Importing data into RStudio
hr<-read.csv("data/hr_comma_sep.csv",stringsAsFactors = F,na.strings = c("","NA",""))
First I convert these 3 data variables; left, department and salary into factors then view the structure of my data. The left variable will be my dependent variable in the linear equation that I predict over the other independent variables. The churn problem is of a regression type. (Supervised Learning)
hr$department=as.factor(hr$department)
hr$salary=as.factor(hr$salary)
hr$left=as.factor(hr$left)
str(hr)
## 'data.frame': 14999 obs. of 10 variables:
## $ satisfaction_level : num 0.38 0.8 0.11 0.72 0.37 0.41 0.1 0.92 0.89 0.42 ...
## $ last_evaluation : num 0.53 0.86 0.88 0.87 0.52 0.5 0.77 0.85 1 0.53 ...
## $ number_project : int 2 5 7 5 2 2 6 5 5 2 ...

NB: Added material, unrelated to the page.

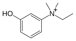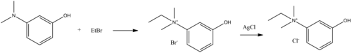 Edrophonium, ethyl-(3-hydroxyphenyl)dimethylammonium chloride, is made by reacting 3-dimethylaminophenol with ethyl bromide, which forms ethyl(3-hydroxyphenyl)dimethylammonium bromide, the bromine atom of which is replaced with a chlorine atom by reacting it with silver chloride, giving edrophonium.[5]

## $ average_montly_hours : int 157 262 272 223 159 153 247 259 224 142 ...
## $ time_spend_company : int 3 6 4 5 3 3 4 5 5 3 ...
## $ Work_accident : int 0 0 0 0 0 0 0 0 0 0 ...
## $ left : Factor w/ 2 levels "0","1": 2 2 2 2 2 2 2 2 2 2 ...
## $ promotion_last_5years: int 0 0 0 0 0 0 0 0 0 0 ...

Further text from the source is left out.